> **What the task requires**
Could the listing below be reproduced exactly, minus its pictures?

> **Source records**

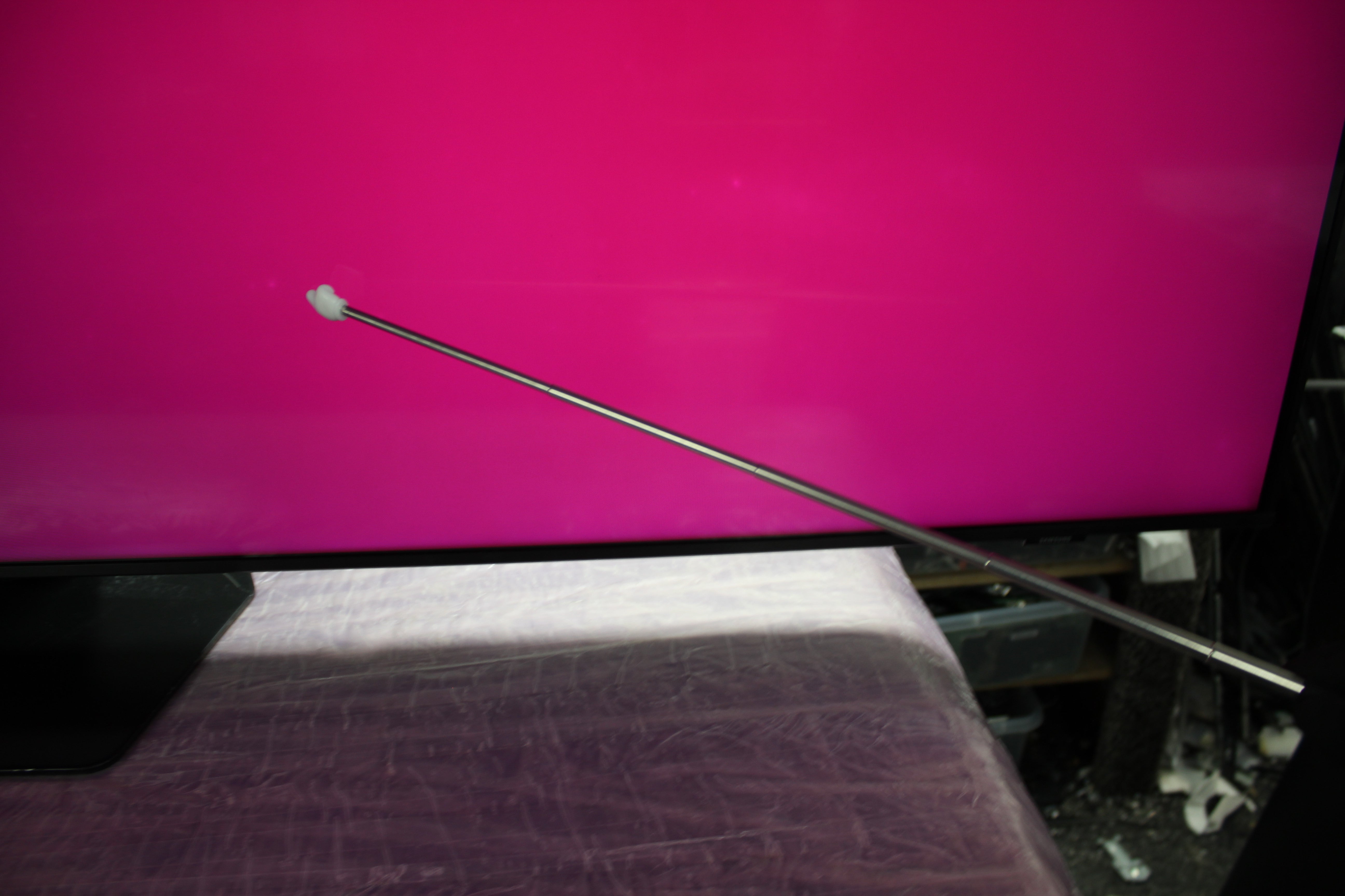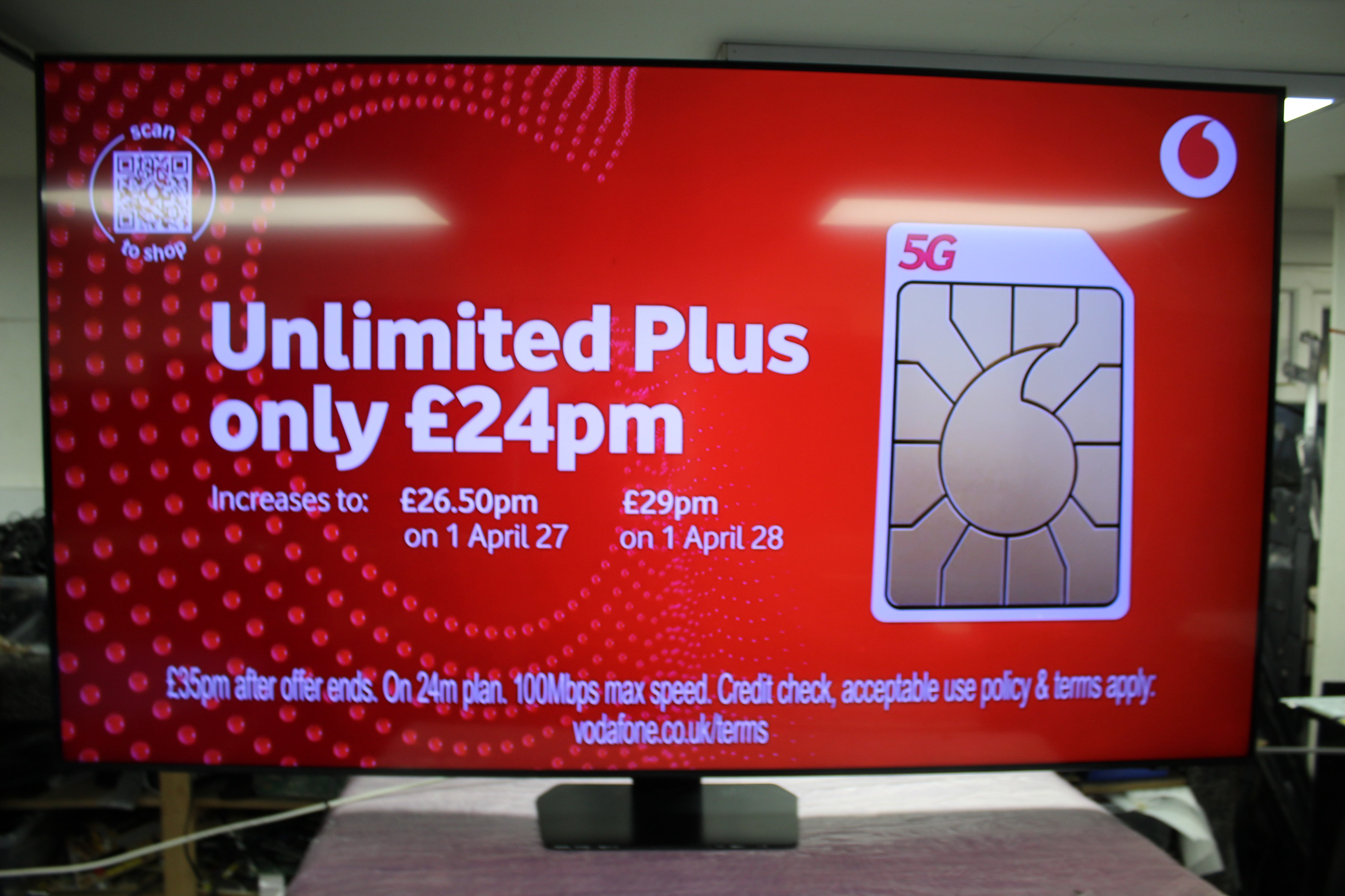Item is supplied without tabletop stand therefore must be wall-mounted. There are tiny marks inside the screen but these are not visible when watching the tv. See pictures for more details.
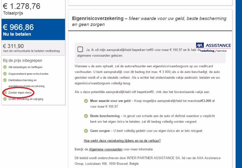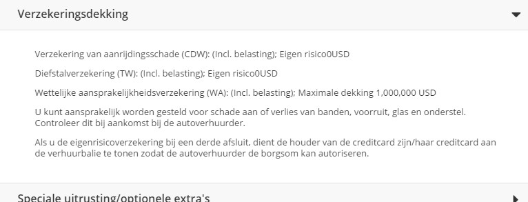 Jammer vind ik wel dat je niet snel kunt zien of de standaard verzekeringen erbij zitten. Er staat alleen diefstalbescherming en aanrijdingsschadeverzekering. Het zal allemaal wel in orde zijn, je huurt immers bij een Europese broker, maar toch..
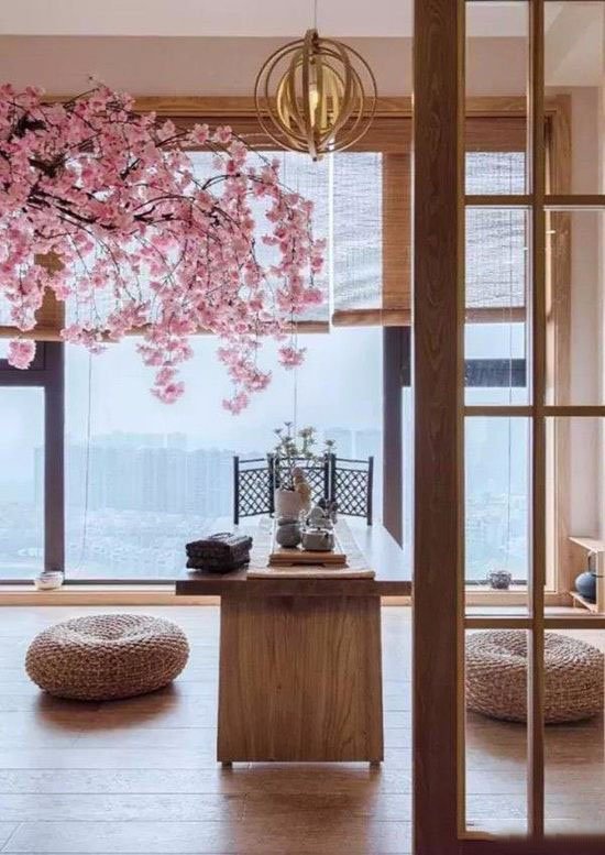 【阳台】阳台可以说是很有特色的一个地方,既是书房也是茶室,同时还是瑜伽室,功能性非常强大。一棵樱花装饰树摆放其中,日式韵味十足。
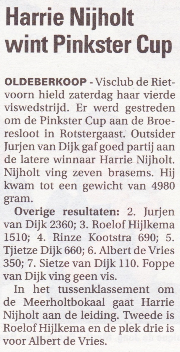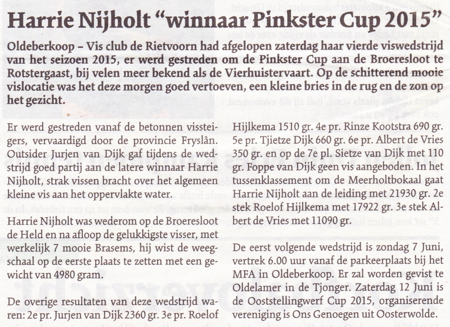 Op de schitterend mooie vislocatie was het deze morgen goed vertoeven, een kleine bries in de rug en de zon op het gezicht. Er werd gestreden vanaf de betonnen vissteigers, vervaardigd door de provincie Fryslân. Outsider Jurjen van Dijk gaf tijdens de wedstrijd goed partij aan de latere winnaar Harrie Nijholt, strak vissen bracht over het algemeen kleine vis aan het oppervlakte water. Harrie Nijholt was wederom op de Broeresloot de Held en na afloop de gelukkigste visser, met werkelijk 7 mooie Brasems, hij wist de weegschaal op de eerste plaats te zetten met een gewicht van 4980 gram. De overige resultaten van deze wedstrijd waren: 2e pr. Jurjen van Dijk 2360 gr. 3e pr. Roelof Hijlkema 1510 gr. 4e pr. Rinze Kootstra 690 gr. 5e pr. Tjietze Dijk 660 gr. 6e pr. Albert de Vries 350 gr. en op de 7e pl. Sietze van Dijk met 110 gr. Foppe van Dijk geen vis aangeboden. In het tussenklassement om de Meerholtbokaal gaat Harrie Nijholt aan de leiding met 21930 gr. 2e stek Roelof Hijlkema met 17922 gr. 3e stek Albert de Vries met 11090 gr. De eerst volgende wedstrijd is zondag 7 Juni, vertrek 6.00 uur vanaf de parkeerplaats bij het MFA in Oldeberkoop. Er zal worden gevist te Oldelamer in de Tjonger. Zaterdag 13 Juni is de Ooststellingwerf Cup 2015, organiserende vereniging is Ons Genoegen uit Oosterwolde.
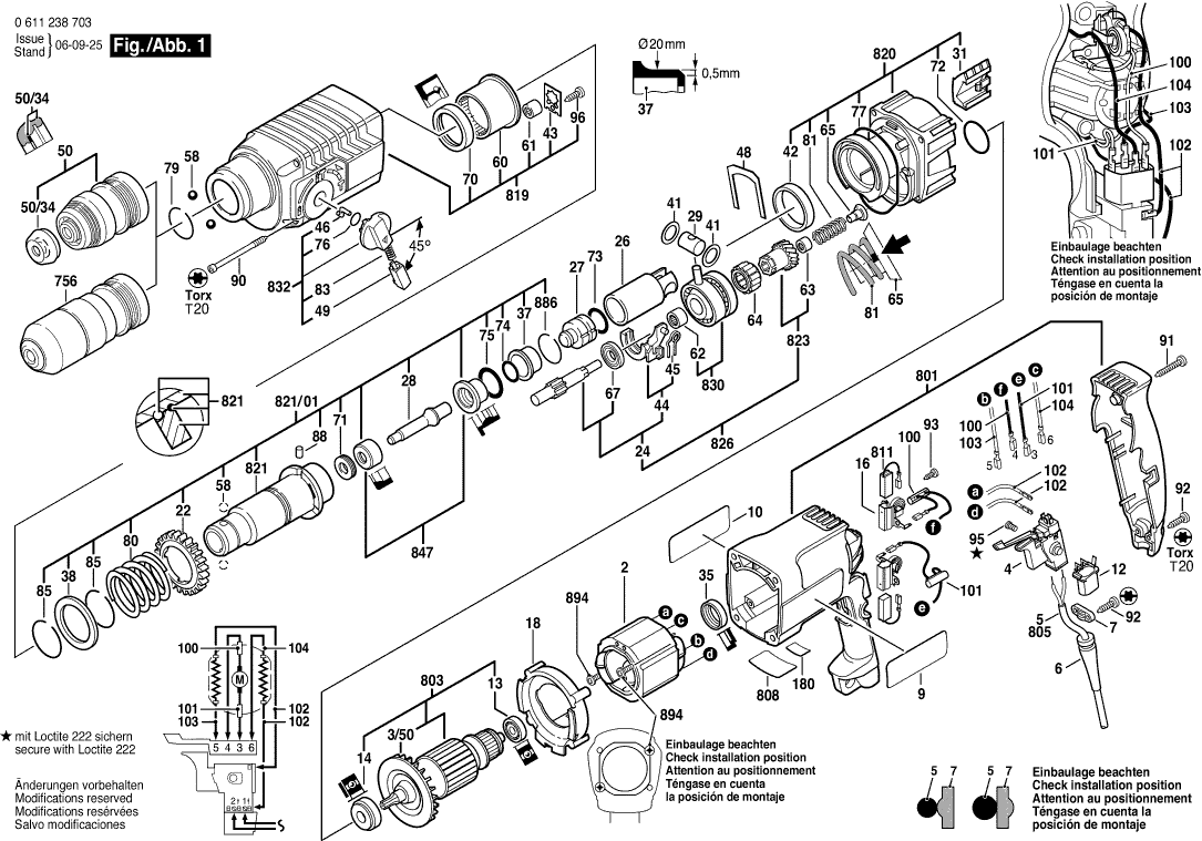 Spare parts list of model Bosch 0611238708 ( GBH2-24DFR )
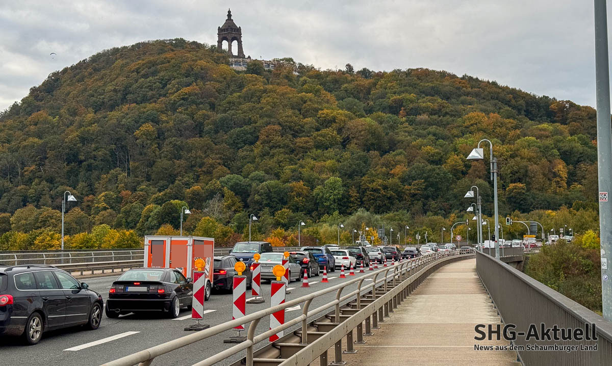 Durch die Sperrung von Zufahrten zum Weserauentunnel bilden sich regelmäßig Staus und Engpässe auf umliegenden Straßen. Die Aufnahme zeigt eine Situation aus dem Oktober diesen Jahres.
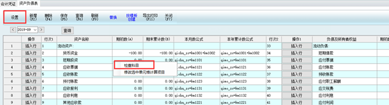 打開資產(chǎn)負債表,點擊設(shè)置按鈕,然后右擊資產(chǎn)負債表,點檢查科目,會提示哪些科目沒有設(shè)置到資產(chǎn)負債表如圖:
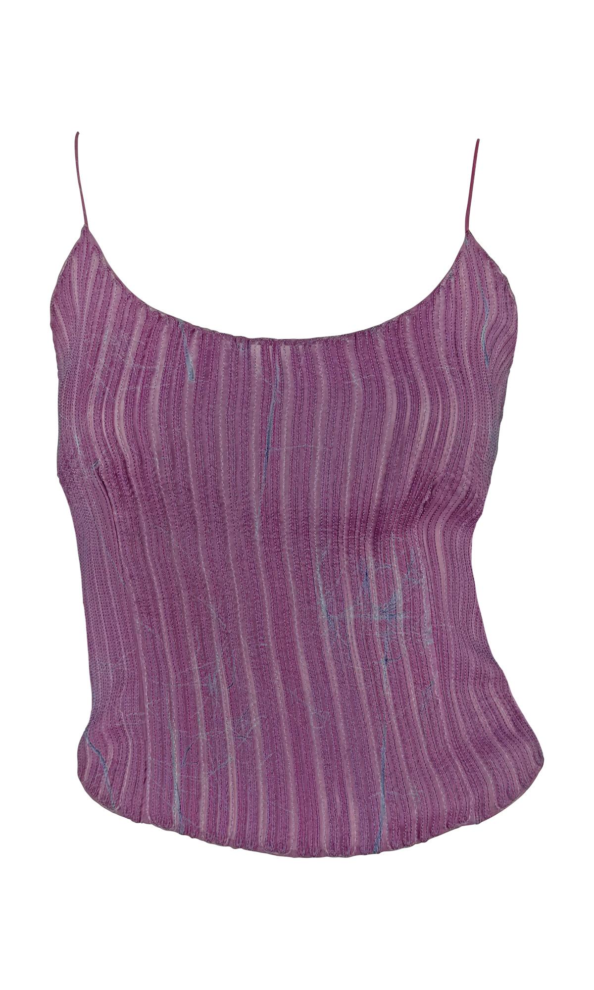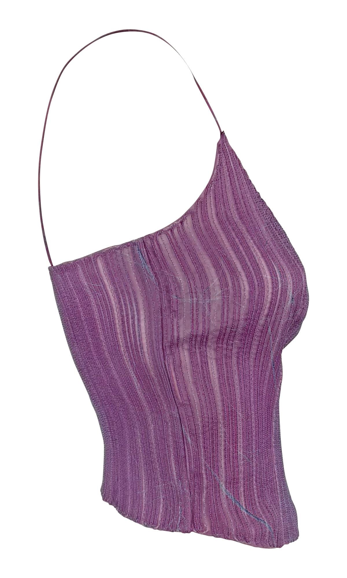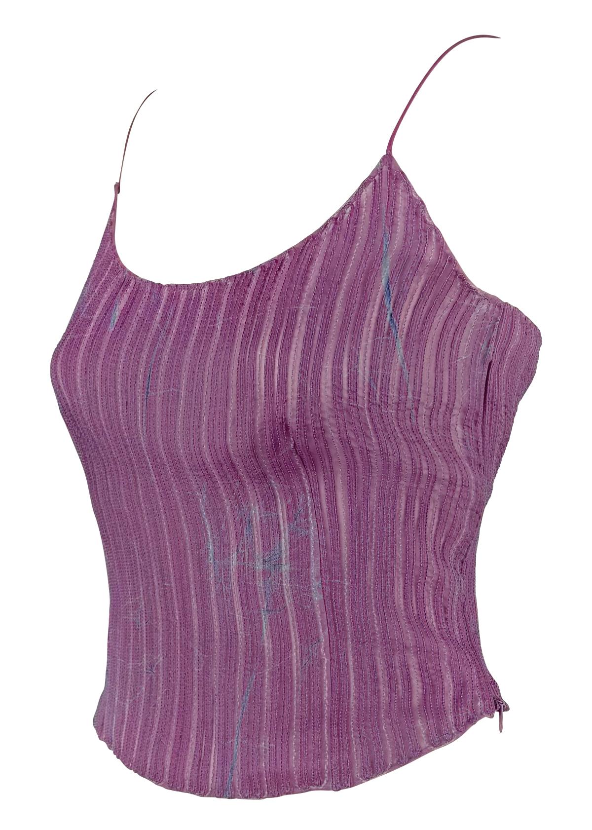 This sheer purple tank top from Giorgio Armani's Spring/Summer 2000 runway collection is crafted from delicate embroidered silk. Designed with a subtle cropped cut, the piece features tonal vertical stitching and fine spaghetti straps, showcasing Armani's refined, minimalist approach to feminine dressing.
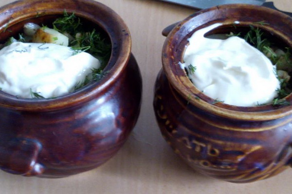 4. Ajouter un peu de crème sure dans chaque pot et mettre au four incomplètement, puis saupoudrer de persil finement haché. Mettez au four encore 5-7 minutes pour que les pommes de terre soient cuites dans de la crème sure.

> **Written answer**
Item is supplied without tabletop stand therefore must be wall-mounted. There are tiny marks inside the screen but these are not visible when watching the tv. See pictures for more details.
 Jammer vind ik wel dat je niet snel kunt zien of de standaard verzekeringen erbij zitten. Er staat alleen diefstalbescherming en aanrijdingsschadeverzekering. Het zal allemaal wel in orde zijn, je huurt immers bij een Europese broker, maar toch..
 【阳台】阳台可以说是很有特色的一个地方,既是书房也是茶室,同时还是瑜伽室,功能性非常强大。一棵樱花装饰树摆放其中,日式韵味十足。
 Op de schitterend mooie vislocatie was het deze morgen goed vertoeven, een kleine bries in de rug en de zon op het gezicht. Er werd gestreden vanaf de betonnen vissteigers, vervaardigd door de provincie Fryslân. Outsider Jurjen van Dijk gaf tijdens de wedstrijd goed partij aan de latere winnaar Harrie Nijholt, strak vissen bracht over het algemeen kleine vis aan het oppervlakte water. Harrie Nijholt was wederom op de Broeresloot de Held en na afloop de gelukkigste visser, met werkelijk 7 mooie Brasems, hij wist de weegschaal op de eerste plaats te zetten met een gewicht van 4980 gram. De overige resultaten van deze wedstrijd waren: 2e pr. Jurjen van Dijk 2360 gr. 3e pr. Roelof Hijlkema 1510 gr. 4e pr. Rinze Kootstra 690 gr. 5e pr. Tjietze Dijk 660 gr. 6e pr. Albert de Vries 350 gr. en op de 7e pl. Sietze van Dijk met 110 gr. Foppe van Dijk geen vis aangeboden. In het tussenklassement om de Meerholtbokaal gaat Harrie Nijholt aan de leiding met 21930 gr. 2e stek Roelof Hijlkema met 17922 gr. 3e stek Albert de Vries met 11090 gr. De eerst volgende wedstrijd is zondag 7 Juni, vertrek 6.00 uur vanaf de parkeerplaats bij het MFA in Oldeberkoop. Er zal worden gevist te Oldelamer in de Tjonger. Zaterdag 13 Juni is de Ooststellingwerf Cup 2015, organiserende vereniging is Ons Genoegen uit Oosterwolde.
 Spare parts list of model Bosch 0611238708 ( GBH2-24DFR )
 Durch die Sperrung von Zufahrten zum Weserauentunnel bilden sich regelmäßig Staus und Engpässe auf umliegenden Straßen. Die Aufnahme zeigt eine Situation aus dem Oktober diesen Jahres.
 打開資產(chǎn)負債表,點擊設(shè)置按鈕,然后右擊資產(chǎn)負債表,點檢查科目,會提示哪些科目沒有設(shè)置到資產(chǎn)負債表如圖:
 This sheer purple tank top from Giorgio Armani's Spring/Summer 2000 runway collection is crafted from delicate embroidered silk. Designed with a subtle cropped cut, the piece features tonal vertical stitching and fine spaghetti straps, showcasing Armani's refined, minimalist approach to feminine dressing.
 4. Ajouter un peu de crème sure dans chaque pot et mettre au four incomplètement, puis saupoudrer de persil finement haché. Mettez au four encore 5-7 minutes pour que les pommes de terre soient cuites dans de la crème sure.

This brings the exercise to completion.